Congeal Time halves the speed of any opponents who fail their Willpower saving throw. The only ones who ever fail their saving throw, however, are low level creatures you'd have no trouble defeating anyway. Based on prior play, it appears to affect every creature within range, but only the first time they come within range — kind of like the D&D "Cause Fear" spell.
2) Your heal/fatigue recovery rate is based on your Constitution. It maxes at 6 per ten seconds (real time) at 17 CN; if your maintained spells drain you faster than that, the only way to recover without quaffing potions is to cancel one or more spells, and just wait. If you're not inside a dungeon, then you have the additional option of sleeping for a minimum of one hour, which resets your Fatigue bar as well, but also cancels all maintained spells.
Later on you'll have the option to master one college of magic. Spells from a mastered college halve their casting cost, but have NO effect on maintenance costs. Still, casting Harm at two points instead of five is a big plus.
3) No. You are the Chosen One. Somehow, everyone — from ailing wolves to the Molochean Hand — knows this.
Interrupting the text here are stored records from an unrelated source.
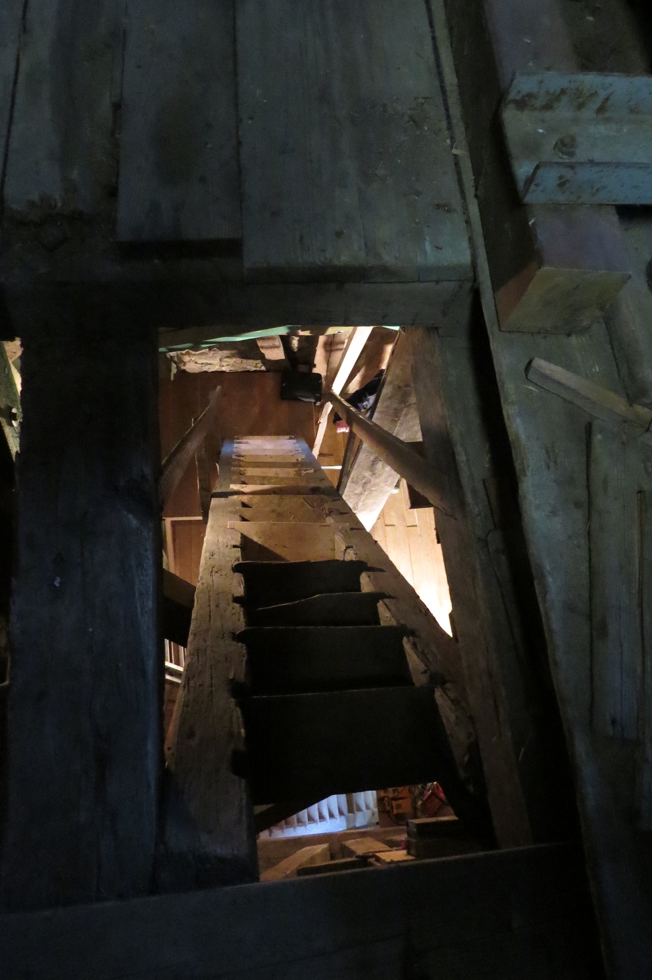 Steile und schmale Treppen verbinden die Ebenen im Glockenstuhl. Die Arbeiter müssen Material und Werkzeug darüber manuell nach oben tragen.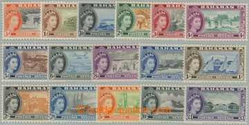 1954 SG.140-158, Alžběta II. - Motivy ½c - $2.40, základní série bez dodatečně vydaných zn. SG.144, 147, 150 a 155; svěží, kat. cca £58Vyvolávací cena: 600 Kč +16,7 %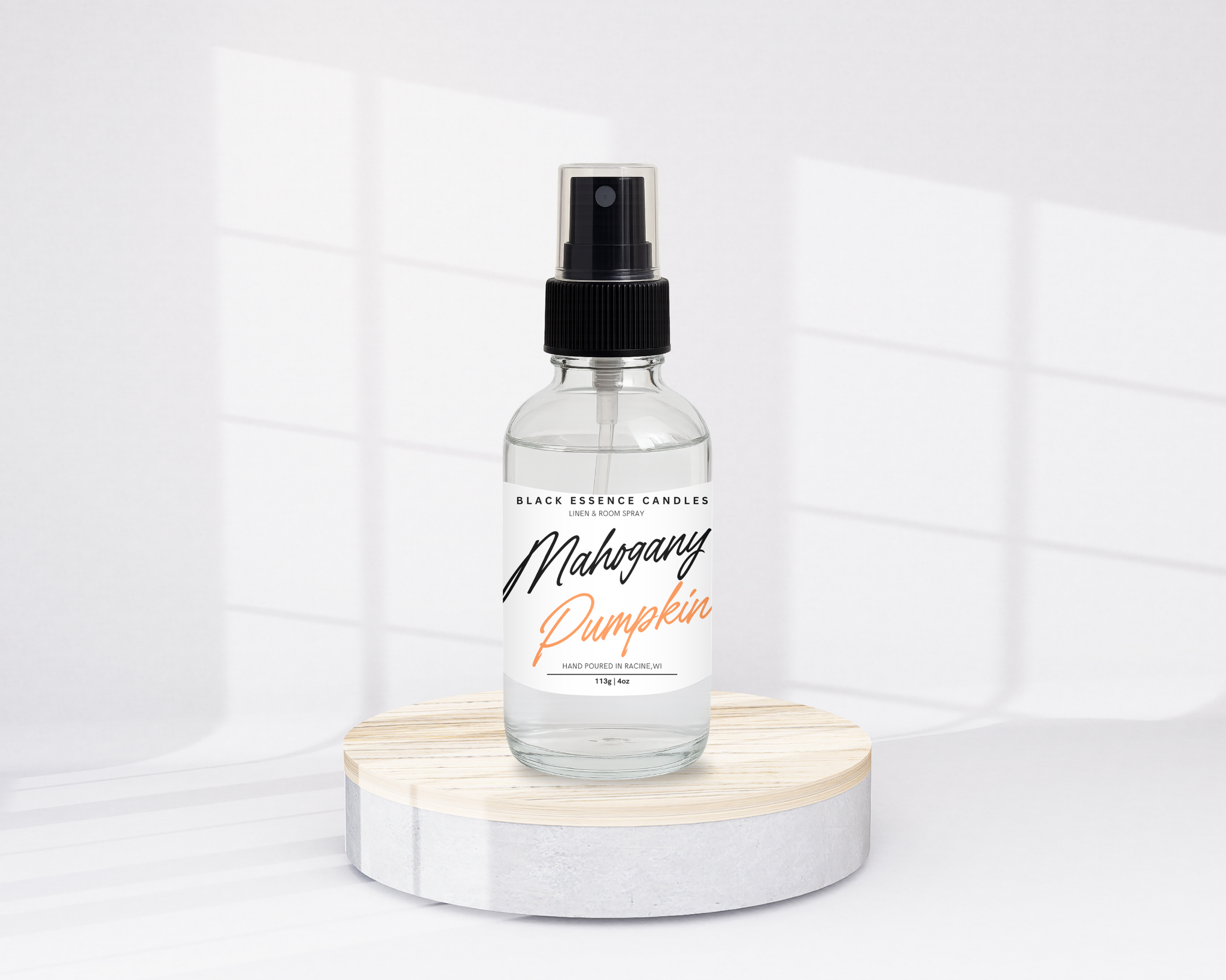Embrace the essence of fall with our Mahogany Pumpkin linen & room spray, a captivating fragrance that brings together the richness of autumn's most cherished scents. This luxurious blend combines the hearty warmth of clove, the earthy allure of applewood, and the familiar spice of pumpkin to create a comforting and sophisticated aroma.

Which is why, at the start of every battle, your followers tend to run out ahead of you: opponents are rushing you, but will stop and fight anyone else they happen to encounter first.
4) Except for firearms and detecting/disarming traps,* Perception is a dump stat. It extends the range you can scroll offscreen (your PC can see further) and supposedly increases long-range accuracy. But let's face it: even if you depend on bows or thrown weapons, most battles happen at a close enough range (sometimes even Melee range) that those small bonuses don't matter.
The strength of spells like Harm is directly tied to your MA: max it out by learning 20 spells (17 if you're an elf, or 19 if you have elven heritage) or boost it by wearing a Dark Helm (which negatively affects alignment: it's basically a portable Sold Your Soul background). Teleportation is a good spell to invest in, since walking everywhere gets tedious.
Throwing is also a good choice, since it doesn't depend on Strength; but it does depend on Dexterity, both to increase your action points (i.e. number of attacks per round) and to allow you to invest more points to increase your accuracy. Gypsies sell a good throwing weapon; and the throwing master's quest weapon is the best one in the game. (Protip: complete the quest by giving it to her, then burn a Fate point to pickpocket it back. If you attack her, the whole town rises against you.)
*And even here, you can work around a lack of PE with magic: the Divination spell Sense Hidden. There are only three or four locations in the game where traps are common enough to be a problem, and only one of those actually occurs along the main quest.